▶ What the exercise asks: From the first line of the data below through the line holding "Die wunderschöne Holzkiste", output each line exactly and leave the pictures out.
Excerpted records section start
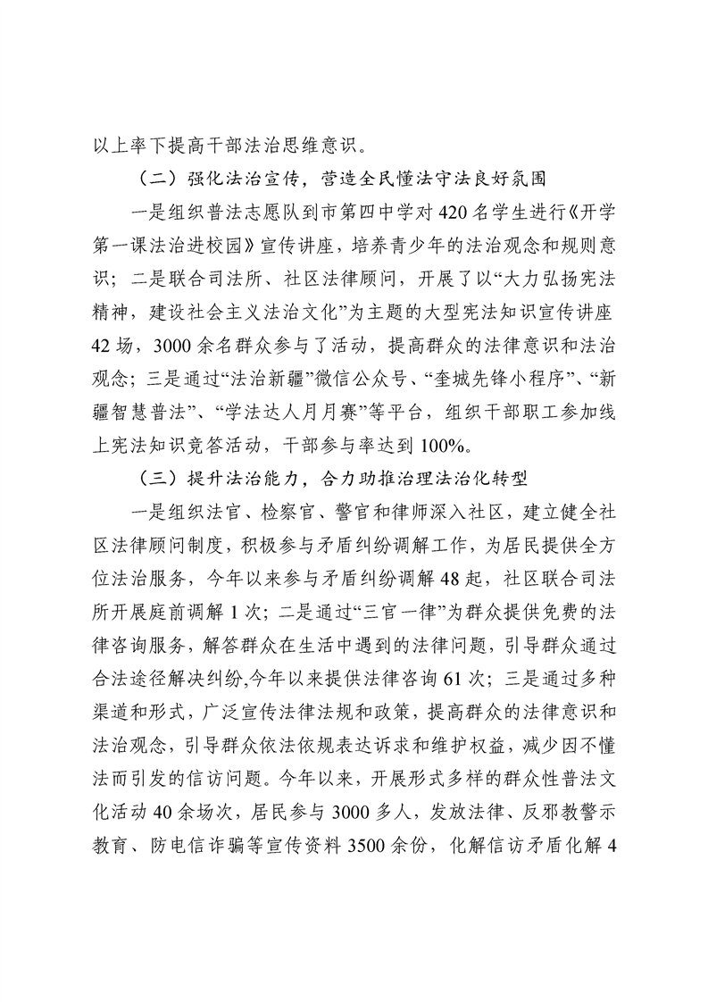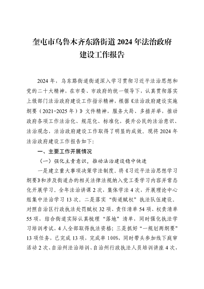 奎屯市乌鲁木齐东路街道2024年法治政府建设工作报告
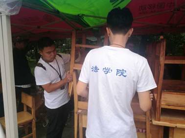 新成员从五湖四海陆续到达“北国春城”,准备迎来与吉大法院的第一次会面。为了让新生顺利办理报到手续,更好地为新生及其家长提供帮助,协助各班班代做好迎新工作,生管会的工作人员在老师的指导与支持下,开始着手迎新场地的布置工作。
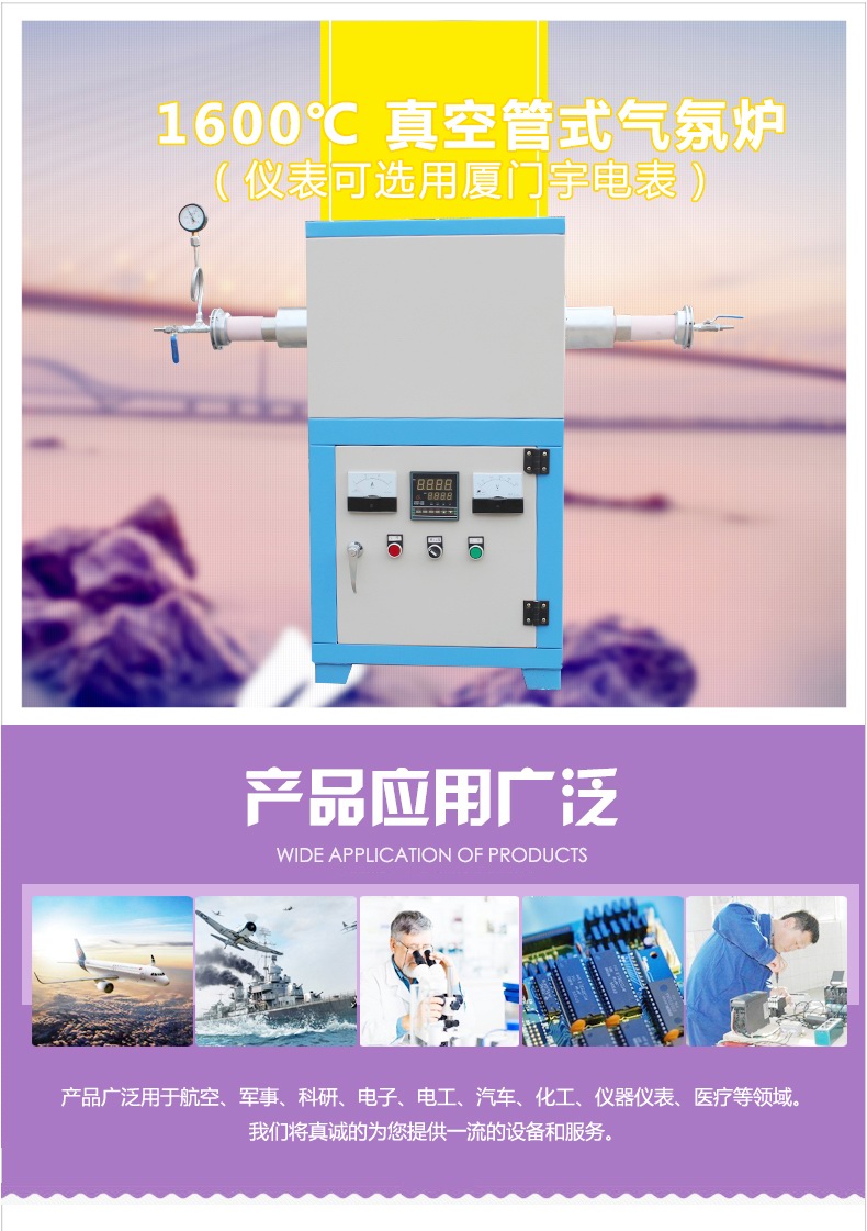 本系列真空管式氣氛爐為周期作業時,額定溫度為1600℃,供實驗室、科研單位、工礦企業做在低真空狀態下或氣氛保護下熱處理加熱之用。
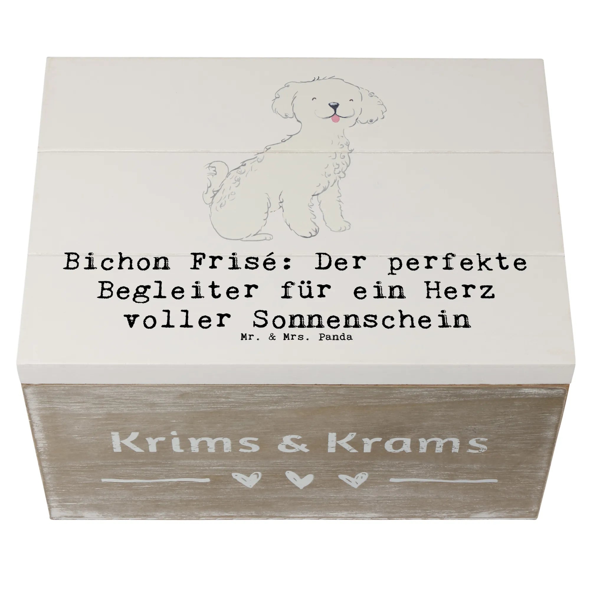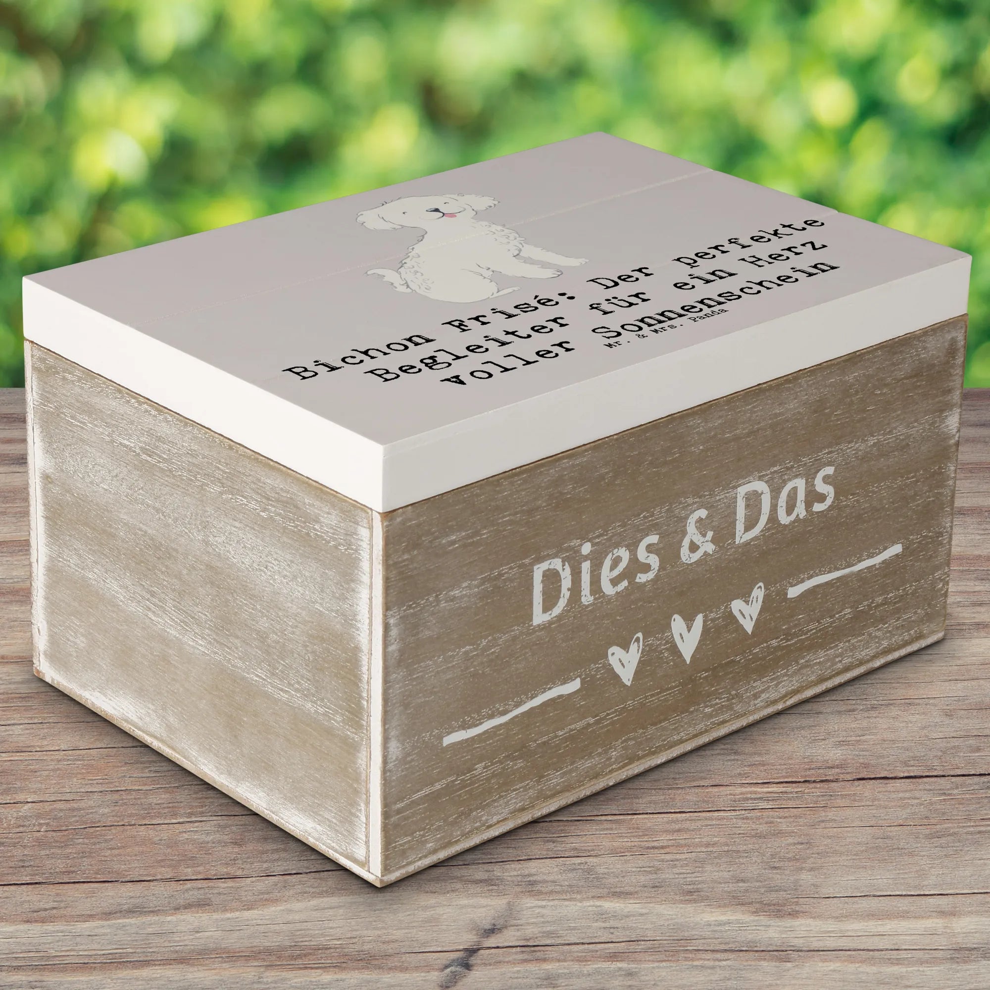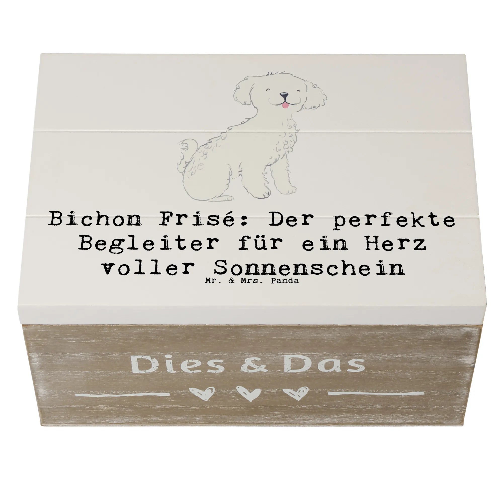 Die wunderschöne Holzkiste mit dem niedlichen Motiv "Bichon Frisé: Der perfekte Begleiter für ein Herz voller Sonnenschein" von Mr. & Mrs. Panda ist mehr als nur eine Kiste. Sie ist ein wahres Schatzkästchen für Hundefans! 🌟
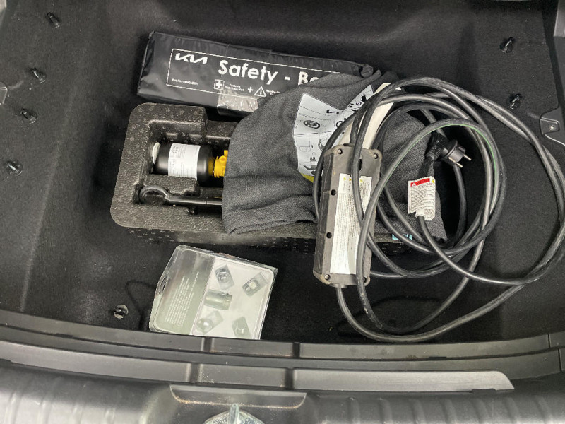 Ecran tactile couleur 10,25'' avec compatibilité via câble USB Android Auto et Apple CarPlay / Peinture Blanc Céleste / Combiné d'instrumentation 100 % digital 10.25'' / Bouclier de protection finition chrome / Moulures de bas de portes et arches de roues contrastées noir laqué / Aérateurs aux places AR / Kia Charge: service dédié de recharge en itinérance (application et carte de recharge) / Eclairage d'ambiance personnalisable / Inserts finition carbone brut sur le tableau de bord / Plancher de coffre modulable / Accès et démarrage mains libres (Smart Key) / Allumage automatique des projecteurs en fonction de la luminosité / Poches aumônières au dos des sièges AV / Climatisation automatique avec fonction "Driver Only" / Caméra de recul avec lignes de guidage dynamiques / Gestion intelligente des feux de route (HBA) / Alerte de vigilance du conducteur (DAW) / Assistance active à la conduite dans les embouteillages (LFA) / Câble de recharge pour prise domestique / Câble de recharge type 2 (T2-T2) 32A / Coques de rétroviseurs couleur noir laqué / Aide au maintien dans la file (LKA) / Programmation de la recharge et de la température de l'habitacle / Prise Combo 2 (CCS) / Lève-vitres électriques AV séquentiel côté conducteur / Assistance active à la conduite sur autoroute (HDA) / Ecran tactile d'infodivertissement 8" avec compatibilité Android Auto et Apple CarPlay / Palettes au volant (modulation de la puissance du freinage régénératif) / Palettes de modulation de la puissance de freinage régénératif avec mode i-Pedal / Modulation automatique de la puissance de freinage régénératif (Smart Regenerative Braking System / Géolocalisation des bornes de recharge (Navigation / Kia Connect) / Lève-vitres AV et AR électriques, séquentiels à l'AV
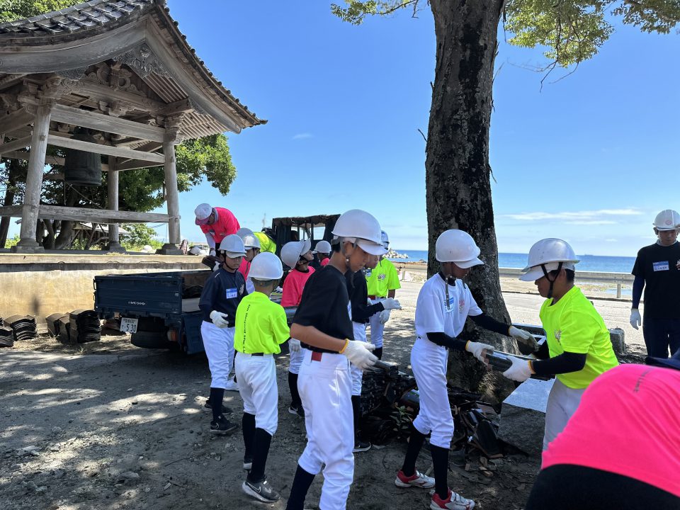 ・倒壊した寺院の瓦撤去支援
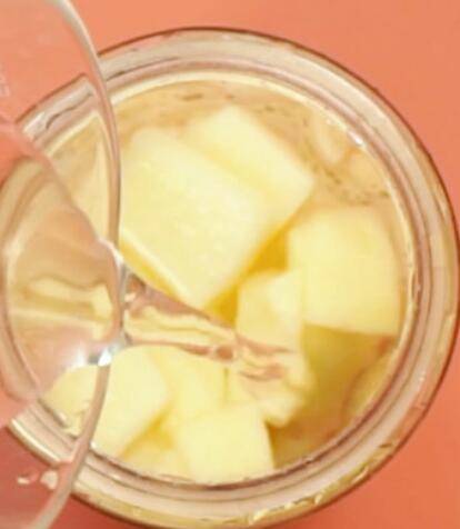 4、打成汁,将苹果汁倒入杯子里,加蜂蜜即可饮用。
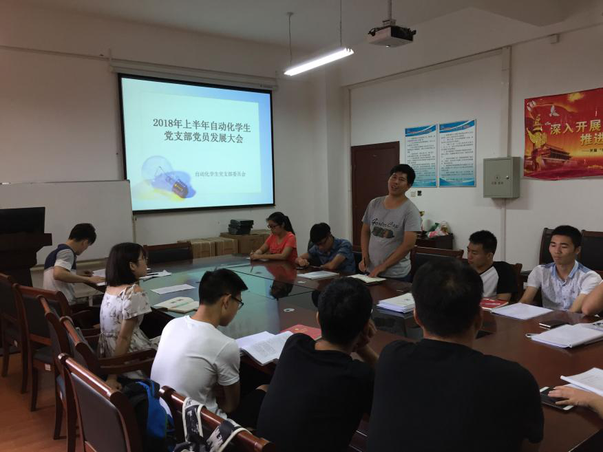 2018年6月18日下午两点,beats365自动化党支部于8E-411召开了“2018年上半年自动化支部党员发展大会和六月政治理论学习”的主题会议。本次会议由支部书记饶老师主持,参与本次会议的还有自动化员工党支部全体同志。
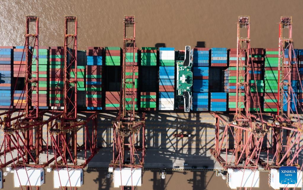 This aerial photo taken on Jan. 31, 2023 shows a cargo ship unloading containers at Dapukou Container Terminal of Ningbo Zhoushan Port in east China's Zhejiang Province. (Xinhua/Xu Yu)
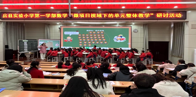 房县新闻网讯 通讯员 李双 肖晗 报道:为深化“党建+教研”融合模式,推动低年级数学单元整体教学落地,11月27日,房县实验小学第一学部聚焦“认识立体图形”和“7的乘法口诀”单元,以《西游记》闯关为统一大情景,开展“微项目视域下的单元整体教学”专题研讨活动。两位教师带头示范,1-2年级数学教师全员参与,用趣味情景串联知识,让核心素养融入课堂。
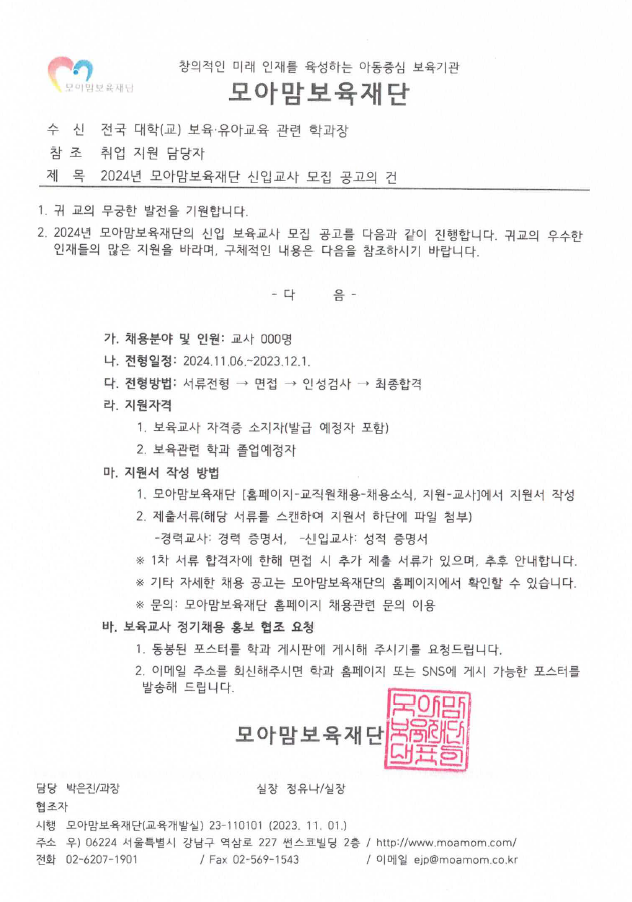 『 2024년 모아맘보육재단 신입교사 모집 공고의 건 』글의 상세내용을 확인하는 표로 제목, 부서명, 등록일, 조회, 첨부, 내용으로 나뉘어 설명합니다.
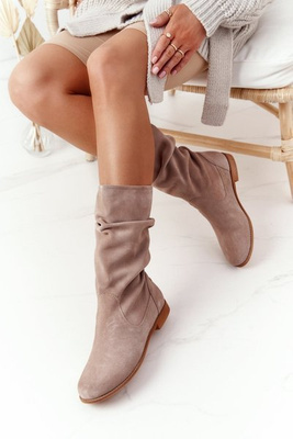 +1Damskie Kowbojskie Botki Na Słupku Zamszowe Cappuccino Emily
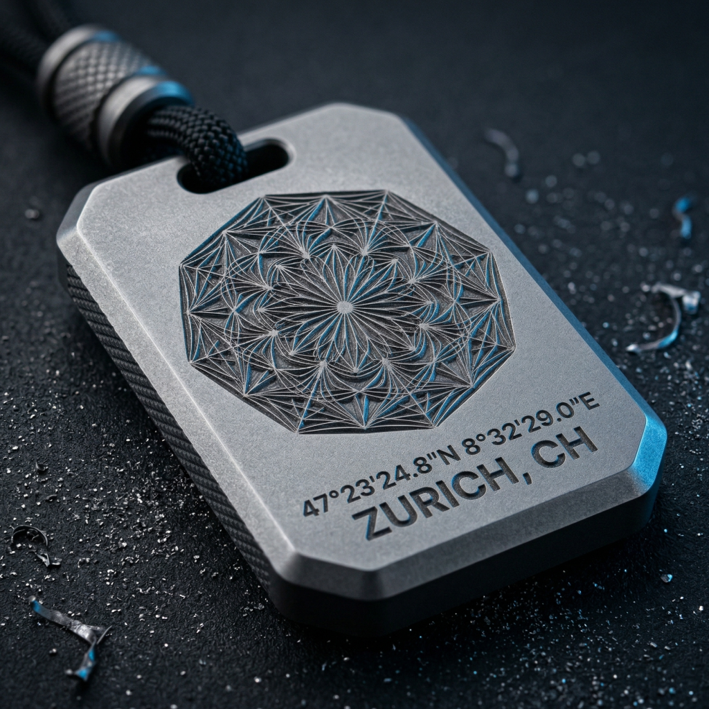 Translate your digital identity into a physical artifact. Custom Titanium keychains featuring precision-etched encrypted symbols and tactical geometry.
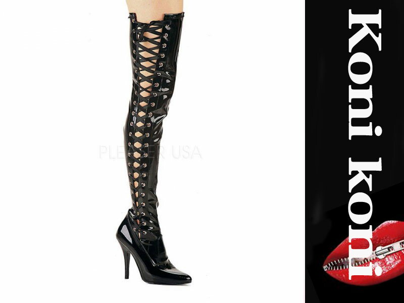 サイドレースアップブーツ /サイハイブーツ/ニーハイブーツ/エナメルブラック/合皮ブラック/編み上げ/美脚/足長/セクシー/フェティッシュ/ボンテージ/サイドジッパー付/【取り寄せ】品番SEDUCE-3050![]()
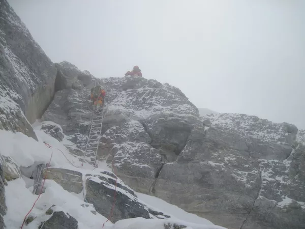 Po drodze na szczyt jest jednak kilka trudnych momentów. Drabina, którą widać na zdjęciu, ma prawie osiem metrów. To, co jest w jej pokonaniu najtrudniejsze, to niesłychanie wąskie szczeble oraz to, że jest ona przymocowana do ściany prawie pionowo (wrażenie ze zdjęcia, że jest inaczej, jest mylne), a na samym końcu trzeba się gimnastykować, aby z niej bezpiecznie zejść.
Excerpted records section end
▶ Task answer:
 奎屯市乌鲁木齐东路街道2024年法治政府建设工作报告
 新成员从五湖四海陆续到达“北国春城”,准备迎来与吉大法院的第一次会面。为了让新生顺利办理报到手续,更好地为新生及其家长提供帮助,协助各班班代做好迎新工作,生管会的工作人员在老师的指导与支持下,开始着手迎新场地的布置工作。
 本系列真空管式氣氛爐為周期作業時,額定溫度為1600℃,供實驗室、科研單位、工礦企業做在低真空狀態下或氣氛保護下熱處理加熱之用。
 Die wunderschöne Holzkiste mit dem niedlichen Motiv "Bichon Frisé: Der perfekte Begleiter für ein Herz voller Sonnenschein" von Mr. & Mrs. Panda ist mehr als nur eine Kiste. Sie ist ein wahres Schatzkästchen für Hundefans! 🌟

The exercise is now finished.